Alerts are generated for all certificates including certifciate that are possibly automatically rotated. This is intentional as the automation that rotates the certificates may be non-functioning.
If these alerts are not useful in your deployment, you can be silenced them in alert-manager as described [here](https://prometheus.io/docs/alerting/latest/configuration/#inhibit_rule).
### Generating Kubernetes events
This feature is activated with the following annotation on a `kubernetes.io/tls` secret: `cert-utils-operator.redhat-cop.io/generate-cert-expiry-alert: "true"`.
When this annotation is set the secret will generate a Kubernetes `Warning` Event if the certificate is about to expire.
This feature is useful when the certificates are not renewed by an automatic system.
The timing of this alerting mechanism can be controller with the following annotations:
| Annotation | Default | Description |
|:-|:-:|---|
| `cert-utils-operator.redhat-cop.io/cert-expiry-check-frequency` | 7 days | with which frequency should the system check is a certificate is expiring |
| `cert-utils-operator.redhat-cop.io/cert-soon-to-expire-check-frequency` | 1 hour | with which frequency should the system check is a certificate is expired, once it's close to expiring |
| `cert-utils-operator.redhat-cop.io/cert-soon-to-expire-threshold` | 90 days | what is the interval of time below which we consider the certificate close to expiry |
Here is an example of a certificate soon-to-expiry event:
## CA Injection
[ValidatingWebhookConfiguration](https://kubernetes.io/docs/reference/access-authn-authz/extensible-admission-controllers/), [MutatingWebhokConfiguration](https://kubernetes.io/docs/reference/access-authn-authz/extensible-admission-controllers/) [CustomResourceDefinition](https://kubernetes.io/docs/concepts/extend-kubernetes/api-extension/custom-resources/) and [APIService](https://kubernetes.io/docs/concepts/extend-kubernetes/api-extension/apiserver-aggregation/) types of objects (and possibly in the future others) need the master API process to connect to trusted servers to perform their function.

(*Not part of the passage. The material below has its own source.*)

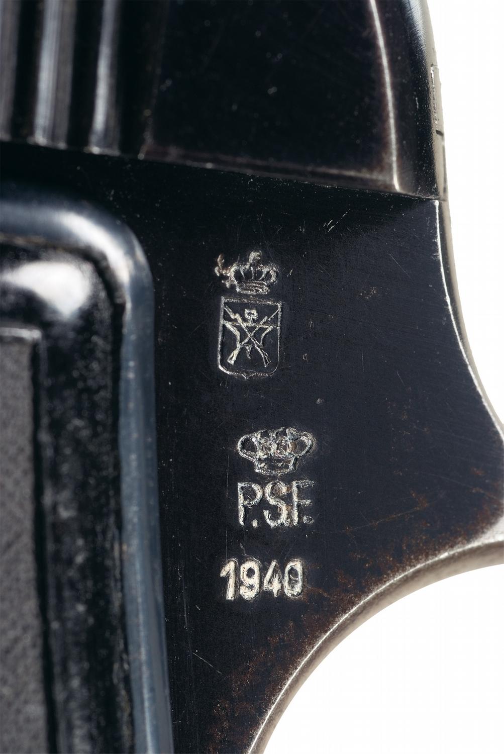Condition: Excellent. The pistol retains 90% original high polished blue finish with some minor edge wear, a few minor scratches, and a mixed brown patina on the grip straps. The grips are also excellent with a few minor handling marks. Mechanically excellent.

In order to do so over an encrypted connection, a CA bundle needs to be configured. In these objects the CA bundle is passed as part of the CR and not as a secret, and that is fine because the CA bundles are public info. However it may be difficult at deploy time to know what the correct CA bundle should be. Often the CA bundle needs to be discovered as a piece on information owned by some other objects of the cluster.
This feature allows you to inject the ca bundle from either a `kubernetes.io/tls` secret or from the service_ca.crt file mounted in every pod. The latter is useful if you are protecting your webhook with a certificate generated with the [service service certificate secret](https://docs.openshift.com/container-platform/3.11/dev_guide/secrets.html#service-serving-certificate-secrets) feature.
This feature is activated by the following annotation:
1. `cert-utils-operator.redhat-cop.io/injectca-from-secret: /`
In addition to those objects, it is also possible to inject ca bundles from secrets to secrets and configmaps:
1. `secrets`: the secret must of type: `kubernetes.io/tls`. These types of secret must contain the `tls.crt` and `tls.key` keys, but is this case those keys are going to be presumably empty. So it is recommended to create these secrets as follows:
```yaml
apiVersion: v1
kind: Secret
metadata:
annotations:
cert-utils-operator.redhat-cop.io/injectca-from-secret: test-cert-utils/test1
name: test-inject-ca
namespace: test-cert-utils
type: kubernetes.io/tls
stringData:
tls.crt: ""
tls.key: ""
```
2. `confimaps`: the ca bundle will be injected in this key `ca.crt`, here is an example:
```yaml
apiVersion: v1
kind: ConfigMap
metadata:
annotations:
cert-utils-operator.redhat-cop.io/injectca-from-secret: test-cert-utils/test1
name: test-inject-ca-cm
namespace: test-cert-utils
```
[Projected volumes](https://kubernetes.io/docs/concepts/storage/volumes/#projected) can be used to merge the caBundle with other pieces of configuration and or change the key name.
## Metrics
Prometheus compatible metrics are exposed by the Operator and can be integrated into OpenShift's default cluster monitoring. To enable OpenShift cluster monitoring, label the namespace the operator is deployed in with the label `openshift.io/cluster-monitoring="true"`.
```shell
oc label namespace openshift.io/cluster-monitoring="true"
```
### Testing metrics
```sh
export operatorNamespace=cert-utils-operator-local # or cert-utils-operator
oc label namespace ${operatorNamespace} openshift.io/cluster-monitoring="true"
oc rsh -n openshift-monitoring -c prometheus prometheus-k8s-0 /bin/bash
export operatorNamespace=cert-utils-operator-local # or cert-utils-operator
curl -v -s -k -H "Authorization: Bearer $(cat /var/run/secrets/kubernetes.io/serviceaccount/token)" https://cert-utils-operator-controller-manager-metrics.${operatorNamespace}.svc.cluster.local:8443/metrics
exit
```
## Deploying the Operator
This is a cluster-level operator that you can deploy in any namespace, `cert-utils-operator` is recommended.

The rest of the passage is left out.